**Task item**
Every line from the one holding "Sharm El Sheikh - Dirut" through the one holding "Conjunto com 3" in the data below must be returned exactly, both ends included, with pictures left out and nothing else added.

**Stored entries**
____
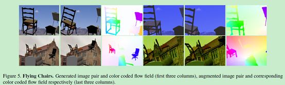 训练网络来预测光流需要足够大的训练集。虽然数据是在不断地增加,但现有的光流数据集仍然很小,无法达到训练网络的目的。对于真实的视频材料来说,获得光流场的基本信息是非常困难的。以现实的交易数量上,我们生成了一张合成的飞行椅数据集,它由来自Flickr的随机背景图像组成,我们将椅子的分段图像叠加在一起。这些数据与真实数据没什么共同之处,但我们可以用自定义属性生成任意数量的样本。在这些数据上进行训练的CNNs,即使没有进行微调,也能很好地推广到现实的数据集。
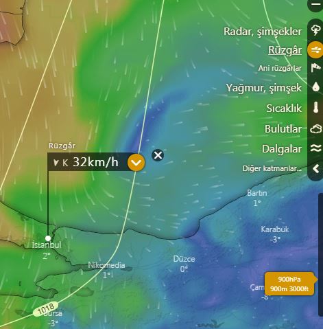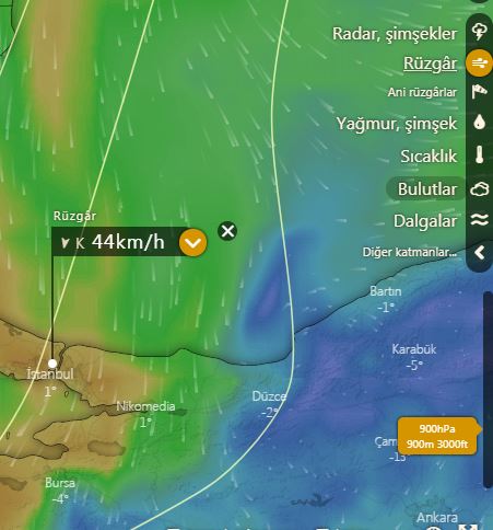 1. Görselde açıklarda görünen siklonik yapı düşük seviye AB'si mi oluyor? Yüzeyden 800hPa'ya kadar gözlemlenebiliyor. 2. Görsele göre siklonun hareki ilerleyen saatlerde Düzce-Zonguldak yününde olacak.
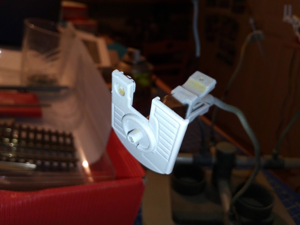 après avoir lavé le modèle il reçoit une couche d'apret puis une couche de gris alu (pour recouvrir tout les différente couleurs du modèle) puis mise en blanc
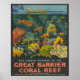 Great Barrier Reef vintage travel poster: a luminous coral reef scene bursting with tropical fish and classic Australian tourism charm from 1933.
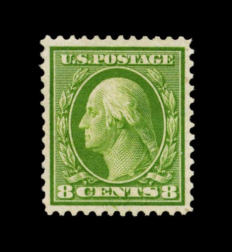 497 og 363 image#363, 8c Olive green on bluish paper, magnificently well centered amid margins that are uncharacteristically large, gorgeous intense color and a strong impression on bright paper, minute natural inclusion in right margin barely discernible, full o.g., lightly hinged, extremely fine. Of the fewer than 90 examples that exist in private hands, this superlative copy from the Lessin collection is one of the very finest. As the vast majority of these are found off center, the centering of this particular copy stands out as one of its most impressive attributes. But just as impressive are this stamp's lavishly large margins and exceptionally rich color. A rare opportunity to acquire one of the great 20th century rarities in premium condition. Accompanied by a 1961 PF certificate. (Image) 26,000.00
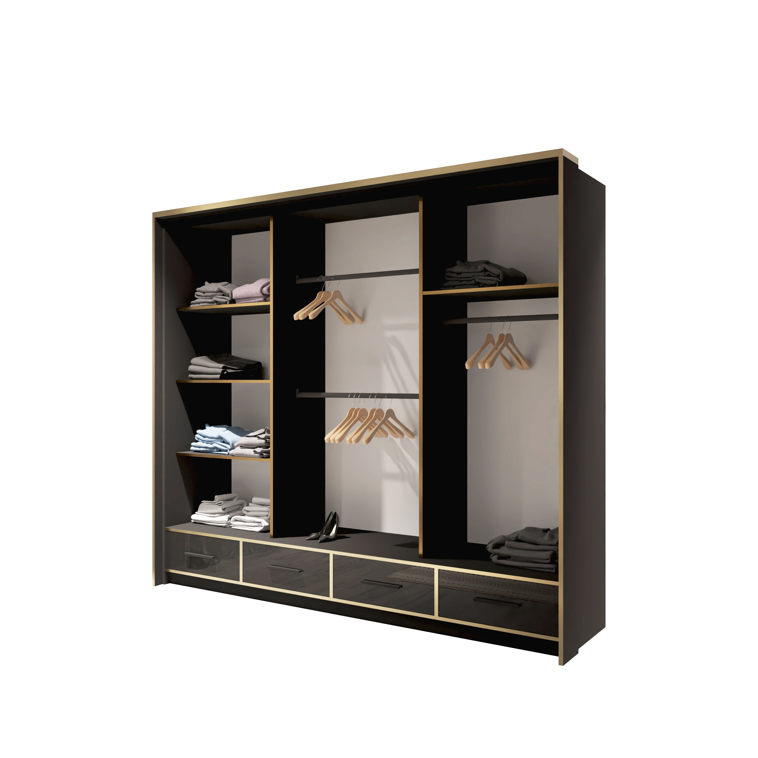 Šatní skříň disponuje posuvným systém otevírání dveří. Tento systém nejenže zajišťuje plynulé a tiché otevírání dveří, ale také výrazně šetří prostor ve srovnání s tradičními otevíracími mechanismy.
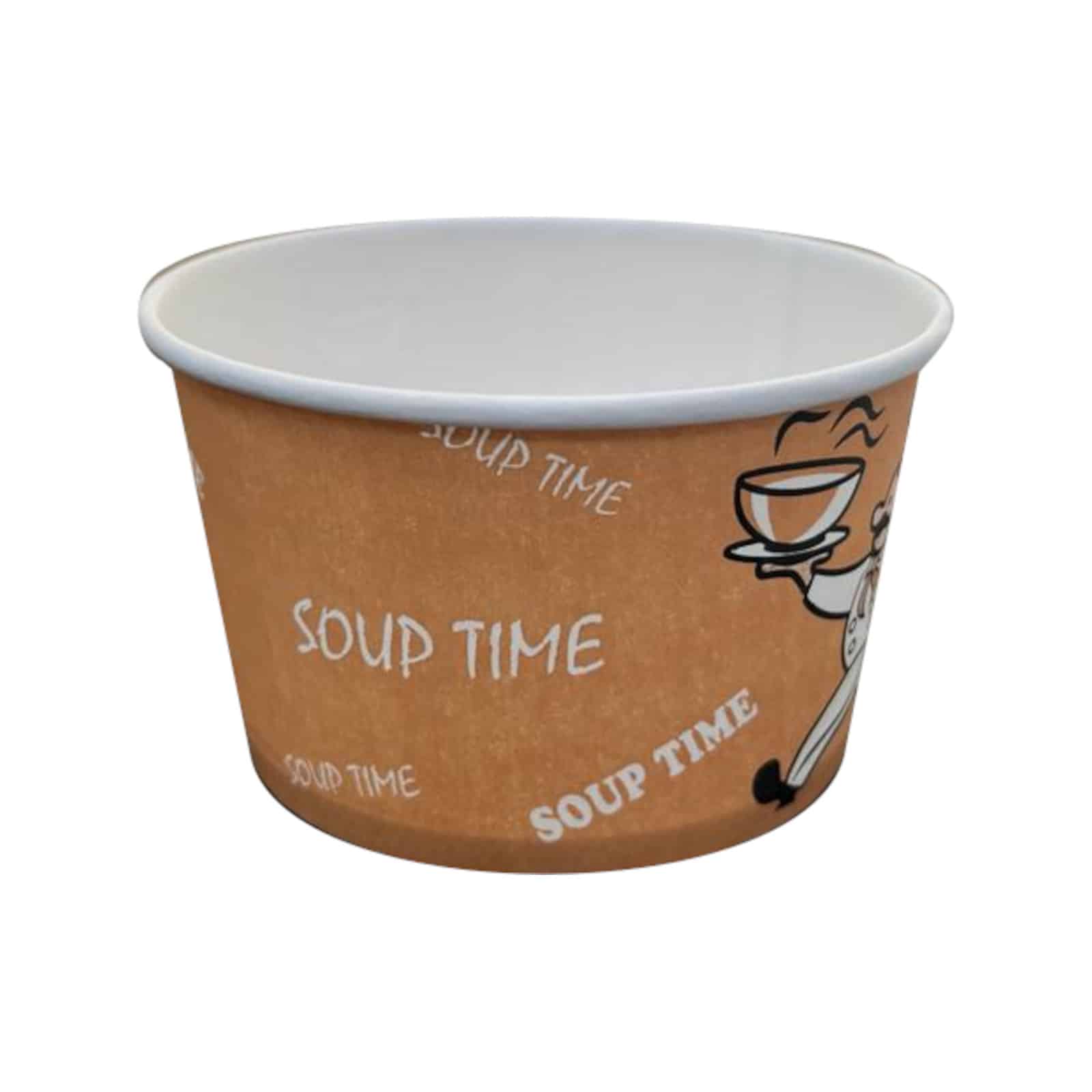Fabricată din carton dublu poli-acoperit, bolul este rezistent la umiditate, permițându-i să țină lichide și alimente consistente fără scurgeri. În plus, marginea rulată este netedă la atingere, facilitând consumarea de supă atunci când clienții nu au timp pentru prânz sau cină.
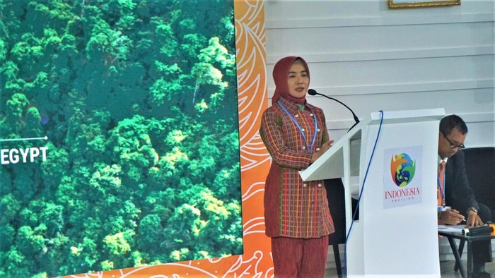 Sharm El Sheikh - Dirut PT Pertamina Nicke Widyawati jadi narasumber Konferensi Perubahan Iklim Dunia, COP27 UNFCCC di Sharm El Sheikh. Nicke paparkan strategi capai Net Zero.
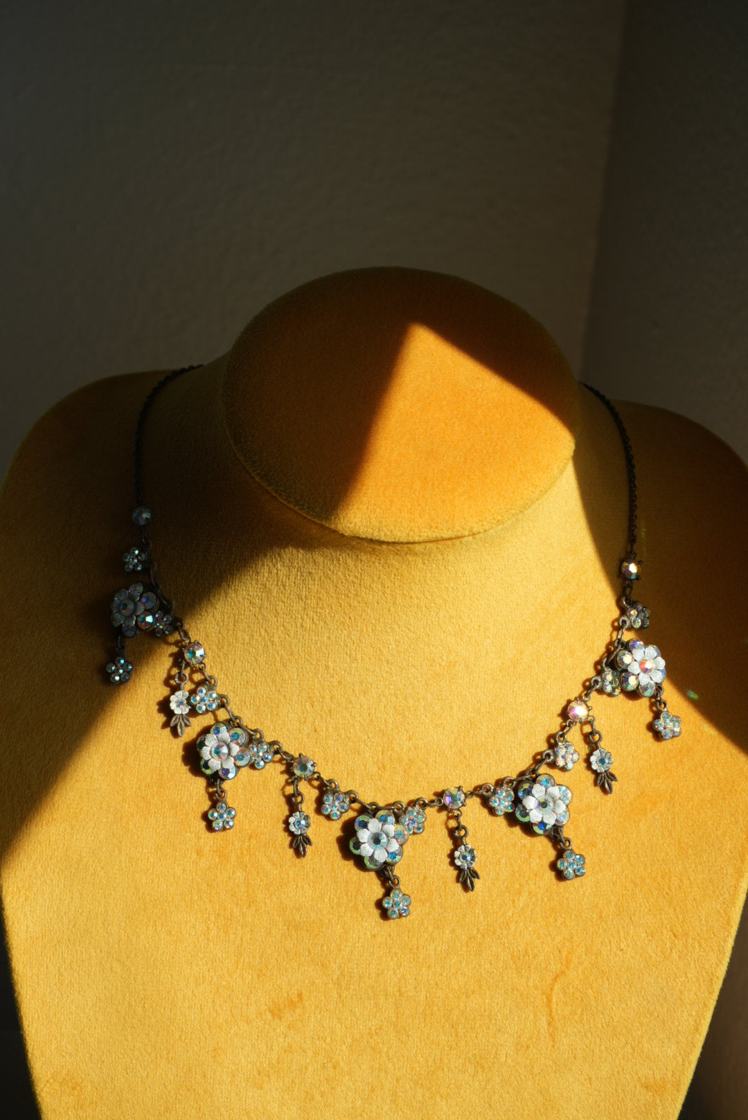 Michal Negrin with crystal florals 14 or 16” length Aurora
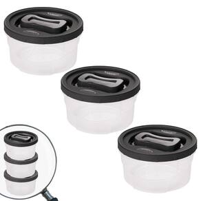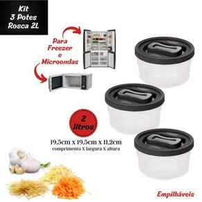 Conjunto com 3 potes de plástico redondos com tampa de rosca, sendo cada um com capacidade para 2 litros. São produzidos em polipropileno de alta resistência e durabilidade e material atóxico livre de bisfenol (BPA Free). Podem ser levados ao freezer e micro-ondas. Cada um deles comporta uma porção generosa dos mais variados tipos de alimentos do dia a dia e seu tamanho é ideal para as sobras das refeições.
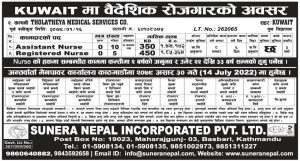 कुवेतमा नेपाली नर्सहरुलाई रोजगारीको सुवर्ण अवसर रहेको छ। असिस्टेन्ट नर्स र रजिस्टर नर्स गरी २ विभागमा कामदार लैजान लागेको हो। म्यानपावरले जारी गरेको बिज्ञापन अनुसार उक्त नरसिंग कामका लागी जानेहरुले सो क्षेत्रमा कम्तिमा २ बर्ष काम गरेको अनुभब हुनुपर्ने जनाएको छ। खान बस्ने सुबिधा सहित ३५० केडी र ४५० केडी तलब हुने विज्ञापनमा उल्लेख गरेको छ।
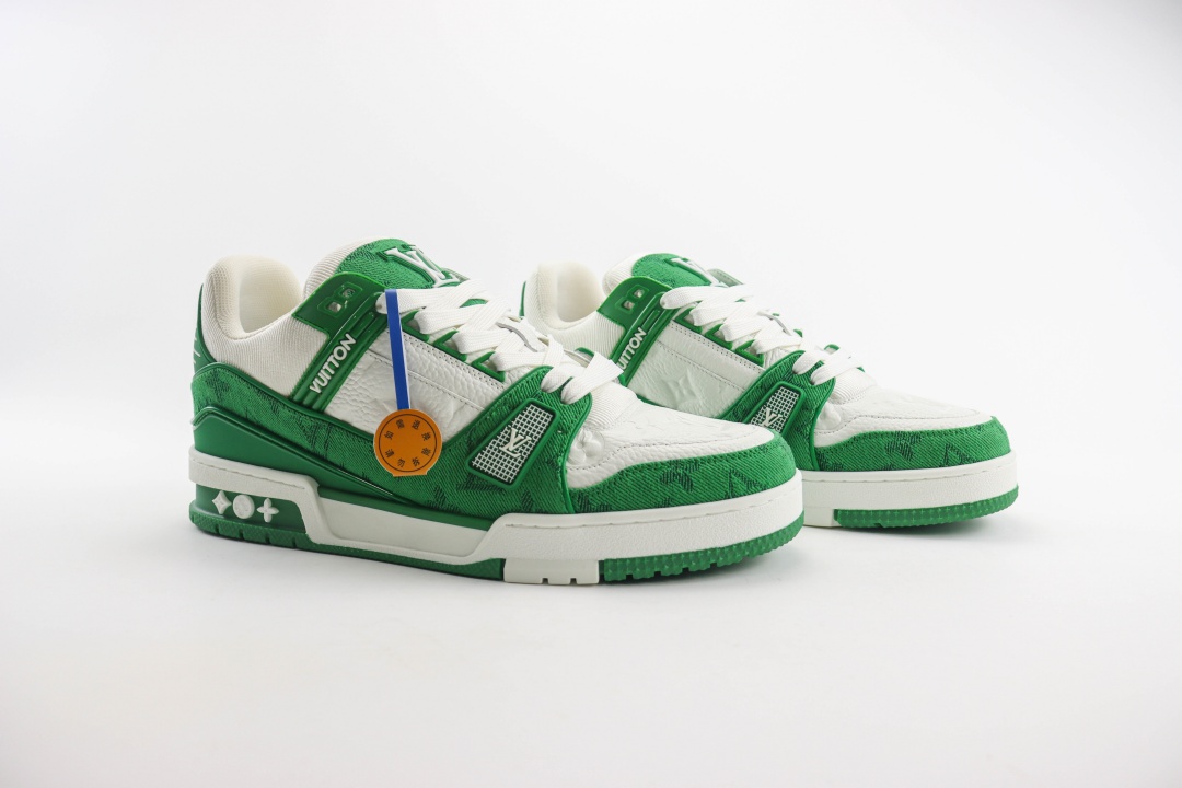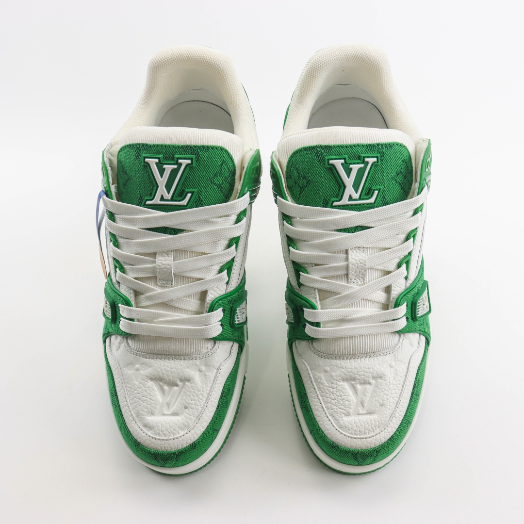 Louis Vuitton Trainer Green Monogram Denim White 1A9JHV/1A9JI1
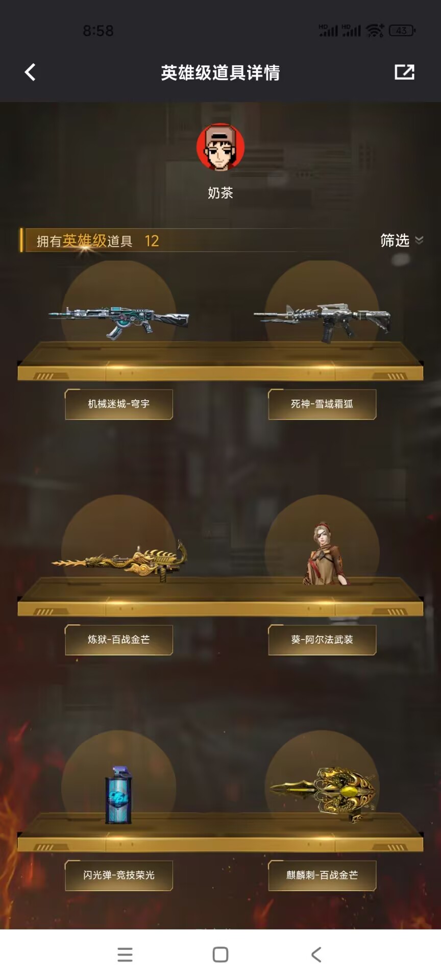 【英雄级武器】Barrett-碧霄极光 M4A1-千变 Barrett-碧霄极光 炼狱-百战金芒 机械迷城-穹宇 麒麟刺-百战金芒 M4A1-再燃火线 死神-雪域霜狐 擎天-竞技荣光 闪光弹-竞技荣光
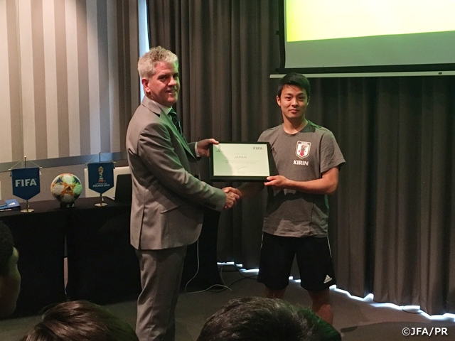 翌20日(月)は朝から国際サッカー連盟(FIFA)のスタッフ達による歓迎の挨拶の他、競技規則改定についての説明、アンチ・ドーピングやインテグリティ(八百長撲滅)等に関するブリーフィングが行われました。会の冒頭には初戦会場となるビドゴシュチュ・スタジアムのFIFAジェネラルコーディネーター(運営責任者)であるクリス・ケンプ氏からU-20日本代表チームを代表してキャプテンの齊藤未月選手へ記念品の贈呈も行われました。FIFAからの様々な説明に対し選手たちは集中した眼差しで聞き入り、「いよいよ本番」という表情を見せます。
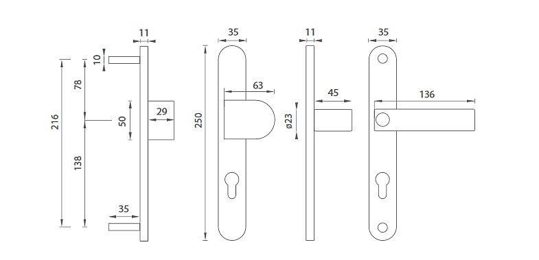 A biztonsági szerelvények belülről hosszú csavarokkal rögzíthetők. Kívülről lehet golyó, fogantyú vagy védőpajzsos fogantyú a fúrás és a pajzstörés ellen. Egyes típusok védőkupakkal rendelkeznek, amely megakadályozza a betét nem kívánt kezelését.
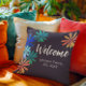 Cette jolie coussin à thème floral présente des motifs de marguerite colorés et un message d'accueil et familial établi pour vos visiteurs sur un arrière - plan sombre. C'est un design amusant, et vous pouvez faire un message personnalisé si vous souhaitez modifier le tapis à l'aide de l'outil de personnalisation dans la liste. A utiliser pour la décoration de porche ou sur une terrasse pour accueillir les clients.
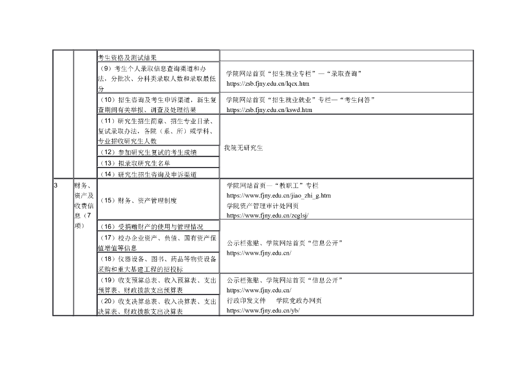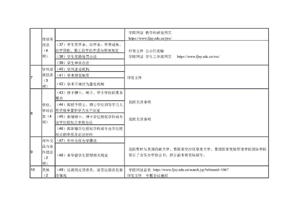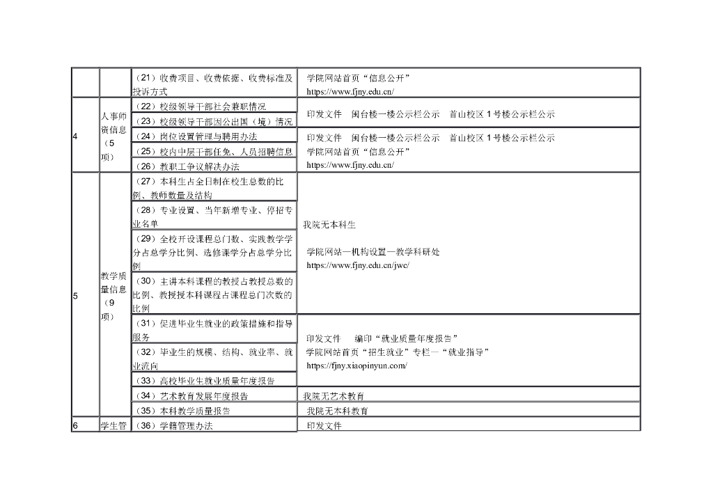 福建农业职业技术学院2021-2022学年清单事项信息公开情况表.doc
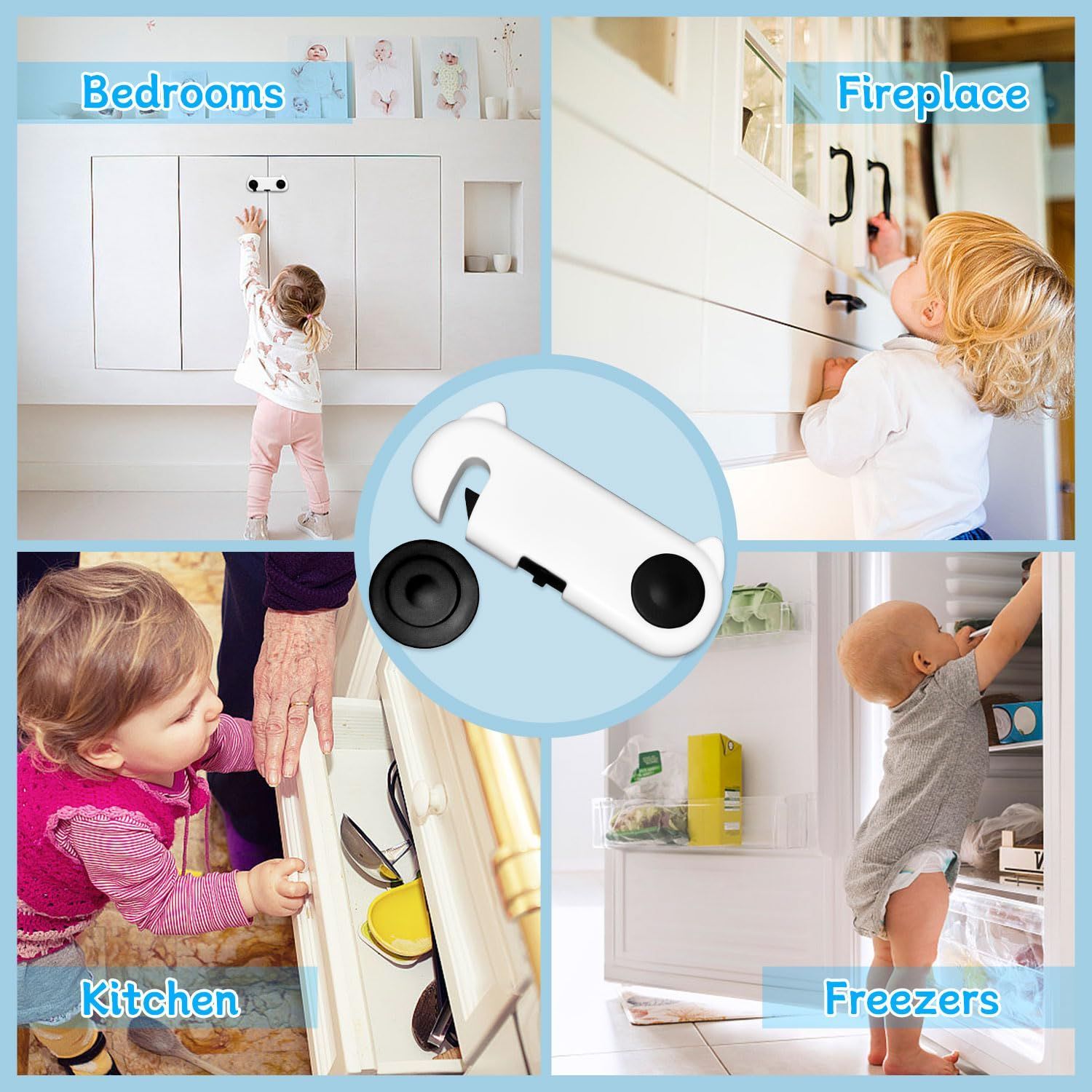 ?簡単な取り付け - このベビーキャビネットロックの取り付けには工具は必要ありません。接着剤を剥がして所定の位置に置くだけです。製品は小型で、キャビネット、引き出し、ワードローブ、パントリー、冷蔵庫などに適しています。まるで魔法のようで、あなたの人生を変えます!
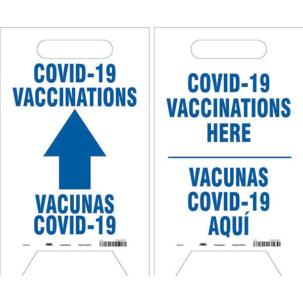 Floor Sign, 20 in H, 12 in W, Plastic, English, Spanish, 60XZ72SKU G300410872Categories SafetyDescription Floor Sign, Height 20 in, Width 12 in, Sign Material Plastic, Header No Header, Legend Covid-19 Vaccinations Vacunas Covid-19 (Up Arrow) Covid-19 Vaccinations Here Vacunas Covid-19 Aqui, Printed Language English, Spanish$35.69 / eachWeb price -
____
**Exercise solution**
 Sharm El Sheikh - Dirut PT Pertamina Nicke Widyawati jadi narasumber Konferensi Perubahan Iklim Dunia, COP27 UNFCCC di Sharm El Sheikh. Nicke paparkan strategi capai Net Zero.
 Michal Negrin with crystal florals 14 or 16” length Aurora
 Conjunto com 3 potes de plástico redondos com tampa de rosca, sendo cada um com capacidade para 2 litros. São produzidos em polipropileno de alta resistência e durabilidade e material atóxico livre de bisfenol (BPA Free). Podem ser levados ao freezer e micro-ondas. Cada um deles comporta uma porção generosa dos mais variados tipos de alimentos do dia a dia e seu tamanho é ideal para as sobras das refeições.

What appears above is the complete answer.